No sabemos casi nada de su juventud. Según una tradición, de la que no tenemos motivos para desconfiar, a los doce años formó parte por primera vez de una caravana a las órdenes de su tío Abu Talib. Este viaje lo llevó hasta Bostra, en Siria, donde probablemente oyó algo acerca del monoteísmo hebreo y del cristianismo, es decir, del Antiguo y del Nuevo Testamento. Pero se trata de suposiciones. Volvió a Bostra unos años después en funciones de procurador o representante de una rica viuda de La Meca, Jadiya. Esta debía de ser una mujer fuera de lo común, porque, burlándose de la costumbre árabe que condenaba a las viudas a vivir bajo la tutela de un pariente varón y a consumirse en el luto y en la oscuridad de la propia casa, prosiguió con habilidad y energía los negocios de su marido, multiplicando el patrimonio. A los veinticinco años, y aunque ella tenía ya cuarenta y era madre de numerosa prole, Mahoma se casó con Jadiya. Y no hubiera habido nada de extraño si, a la manera árabe, hubiese tomado después varias esposas más jóvenes. En cambio, vivió monogámicamente con ella, tuvo algunas hijas, entre las cuales hubo una, Fátima, destinada a la celebridad, y dos hijos que murieron siendo aún niños. Mahoma se consoló adoptando a su primo Alí, hijo de Abu Talib, cuando quedó huérfano. Jadiya fue una compañera admirable. Lo liberó de cualquier preocupación material siguiendo adelante con sus propios negocios y fue su apoyo en las dificultades que le esperaban. Cuando murió, Mahoma la sustituyó con otras mujeres, esta vez mucho más jóvenes, pero ninguna de ellas consiguió hacerle olvidar a Jadiya.

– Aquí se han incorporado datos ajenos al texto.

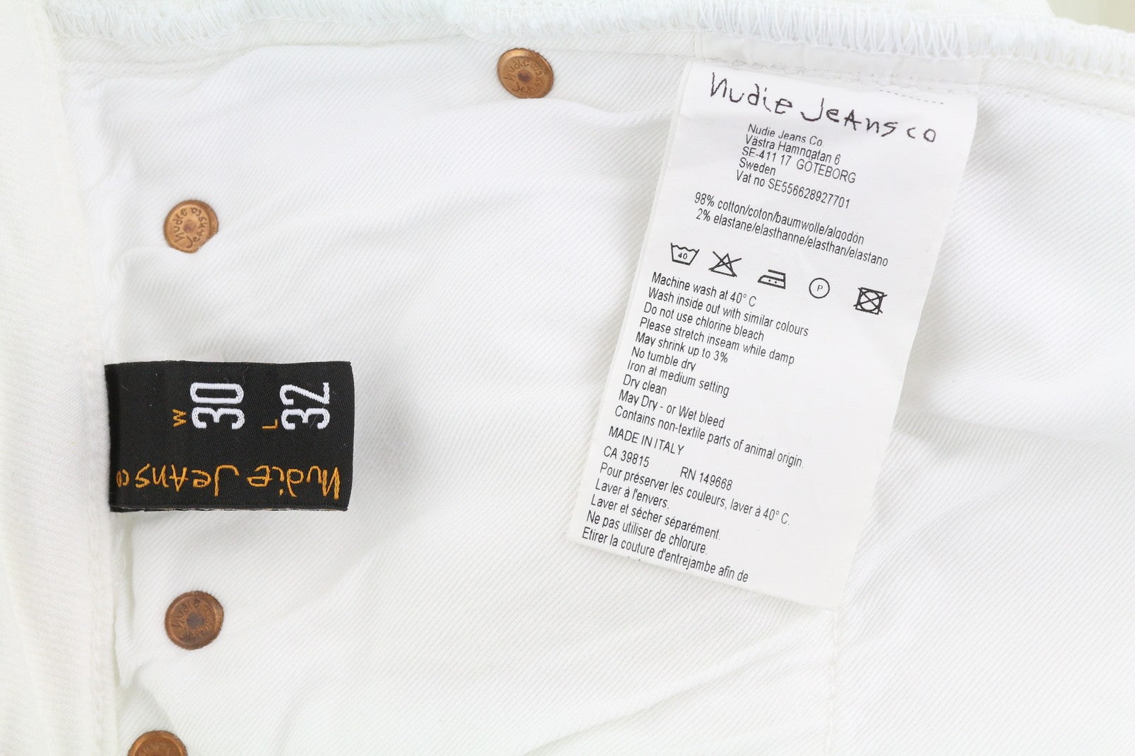 NUDIE JEANS Skinny Lin Men Jeans W30/L32 Denim Blazing White Zip Fly 5-Pockets

Fueron los cristianos quienes despertaron en él el interés por la religión. En La Meca había algunos, y con uno de ellos, primo de Jadiya, que conocía las Sagradas Escrituras, tuvo no pocas relaciones. Más tarde fue a Medina, tal vez para visitar la tumba de su padre, y allí conoció a bastantes hebreos, que poseían una importante colonia en el lugar, y regresó con frecuencia a verlos. No hay duda de que de esos contactos nació su admiración por la superior moral judía y cristiana, y también por una religiosidad centrada en un solo Dios y revelada a través de un Libro Sagrado que contenía sus dictámenes intocables. Muchos árabes sentían vagamente la necesidad de algo que pusiese fin a su estado de anarquía e impusiera un código de convivencia civil a aquellas tribus divididas por rivalidades y venganzas. Algunos de ellos habían formado una secta que rechazaba la idolatría de la Kaaba y propagaba la idea de un Dios único y universal, por encima de todo y de todos. Y de la espera de su advenimiento suelen nacer los profetas.
Mahoma vaciló mucho antes de darse cuenta de que él era uno de estos últimos. Solo cuando ya tenía cuarenta años tomó la costumbre de dedicar a la oración y a la meditación el mes santo del Ramadán, en una gruta del monte Hira, a cinco kilómetros de la ciudad. Su hijo adoptivo Alí nos lo describe, en aquel tiempo, como un hombre de estatura un poco inferior a la media, de constitución bastante delicada, nervioso e impresionable, fácil presa de la ira, que le enrojecía el rostro e hinchaba de modo alarmante las venas del cuello. Sin embargo, dominaba bastante bien sus impulsos. Poseía una buena dosis de sentido del humor, pero solo lo demostraba entre sus íntimos. En público, casi nunca reía, y conservaba una dignidad impasible.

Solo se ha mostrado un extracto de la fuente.